The session was a success and was subsequently repeated at two National AIA Conventions (Boston and San Francisco). More importantly, the participants took the idea home to implement in various settings.

==Speed mentoring sponsors==
Some universities have also established speed mentoring events including:
- University of Kentucky, which has also developed a mentorship tool kit.
- City College of New York
- California Polytechnic State University (San Luis Obispo)
- University of Maryland
- University of California - Berkeley.

Other industries in which speed mentoring events have been publicized include:
- International Interior Design Association (NY Chapter) – Oct 10, 2012 (Annual)
- NEWH (Hospitality Industry Network)
- American Society of Media Photographers
- Information Architecture Institute
- Wings of Hope (UK)
- Women of the World Festivals (UK)

==Advantages and disadvantages==
Speed networking has advantages over typical meet-and-greet events.

===For participants ===
Speed networking facilitates the meeting of individuals who may not have had the opportunity to exchange information without a structured environment. Each attendee is "guaranteed to meet more people than [he/she] typically would using traditional networking during the same amount of time." It relieves participants of the stress of introductions as attendees all have a single purpose. It rids the awkward "exit" by having time limits – no need to find a way to bow out of a conversation gracefully – and therefore increases the number of potential new meets.

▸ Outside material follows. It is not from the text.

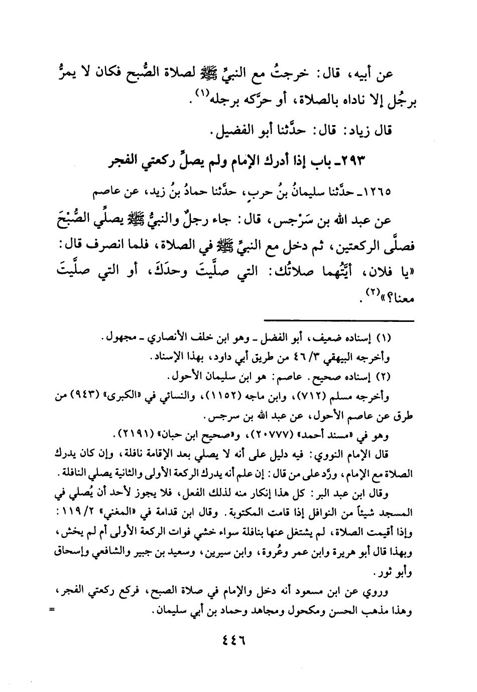 ١٢٦٥ - حدثنا سليمانُ بنُ حربِ، حدثنا حمادُ بنُ زيد، عن عاصم عن عبد الله بن سَرجس، قال: جاء رجل والنبيُّ - صلَّى الله عليه وسلم - يصلّي الصُبْحَ فصلَّى الركعتين، ثم دخل مع النبيَّ - صلَّى الله عليه وسلم - في الصلاة، فلما انصرف قال: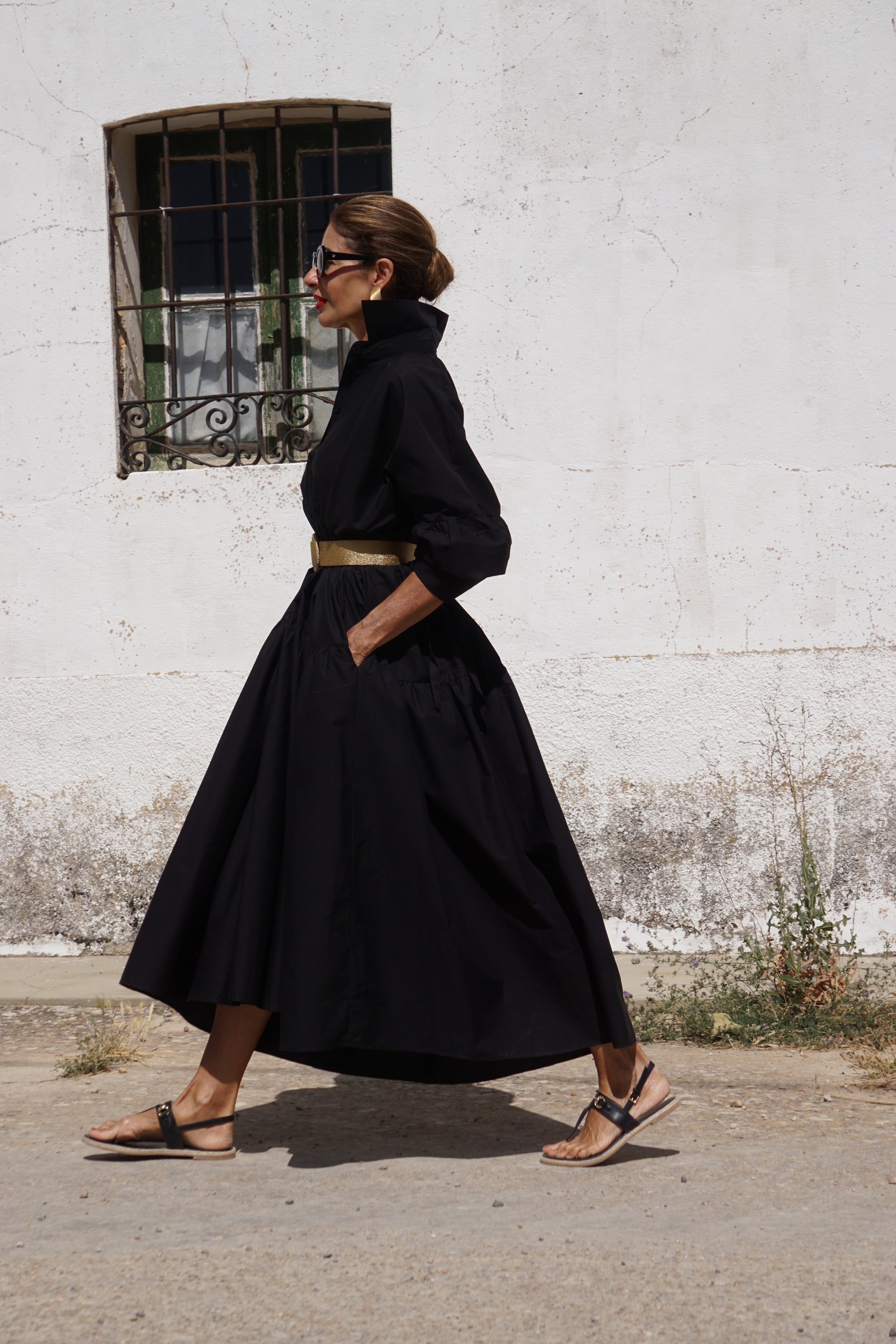 The Charlotte Black Dress is a stylish and comfortable one size fits all dress from MARIELLE STOKKELAAR. Made from 100% Egyptian cotton, it is suitable till sizes 44 German, 16 UK, and 12 USA. The length of the dress is 135 cm / 53.1 inch, but it can be shortened if needed. Dress Charlotte Black has side pockets.

However, there are also risks for attendees, and these relate to an unfortunate perception that a business relationship can also be speed-tracked, as well as a misconception that quantity is of prime importance. Members still need to take time to develop relationships with individual fellow members outside the networking event and the importance of this cannot be overestimated. Other principles of good networking, such as an attitude of giving, not pushing, business cards or marketing material at people, for example, still stand. People can not just drop in during a round robin event as it disrupts the flow and matching.

===For hosts===
Speed networking positions the host as an expert in information exchange and business leadership. It adds value to organizations whose structure is innate to business mingling, like alumni associations and chambers of commerce.

The different speed networking models have their own benefits. Group-based speed networking, for example, provides the opportunity to meet a maximum number of people with less stress on the participant or repetition of one's personal information.